Assignment 5: Data management/code best practices
Due by 5:00 PM on Tuesday, October 13, 2020
To do yourself
Read the vignette for DataExplorer R package, to know what it is capable of
Read the vignette for doParaller R package, go through code examples there
To submit on Blackboard
Question One
Spreadsheets, Summarization, and Naming Conventions
Part A
- Create an Excel spreadsheet with 4 columns and 10 rows, following proper spreadsheet conventions discussed in class.
- Let the first column be an ID number.
- Let the second column be a set of integers between 20 and 30, denoting the number of teeth someone has.
- Let the third column be a set of real numbers between 1.0 and 4.0, denoting GPA in school.
- Let the fourth column be a mix of “H” and “T” character values, denoting the tosses of a coin.
- Read it into R. What is the class of this object?
- Create a new object with the same content, but with the class
list
- Address the fourth element of the list object. Address the content of the fourth element
Question Two
Summarizing Quickly
Load the ChickWeight dataset that comes with R. Install the skimr package. Use this package to summarize the dataset in one line of code.

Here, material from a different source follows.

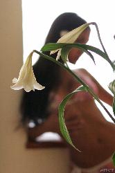 Exotic island goddess Lissa A wears only a flower in hair in Met Art set Serenia

Explore at least one of the following functions. Compare it with the skimr functionality, which one would you prefer?
- describe, from the Hmisc package
- stat.desc from pastecs
- describe from psych
- descr and dfSummary from summarytools
Question Four
Efficiency and Timing
Make an empty vector of length 10 million. Set a seed for reproducibility. Populate the vector in two ways and compare:
- Use a for loop to enter a randomly-generated Exponential variable with rate parameter 3 in each position in the vector.
- Use a more efficient method, possibly writing a function, to populate the vector with randomly-generated numbers from the same distribution.
- Try parallelization approaches.
Time all methods, and make a conclusion.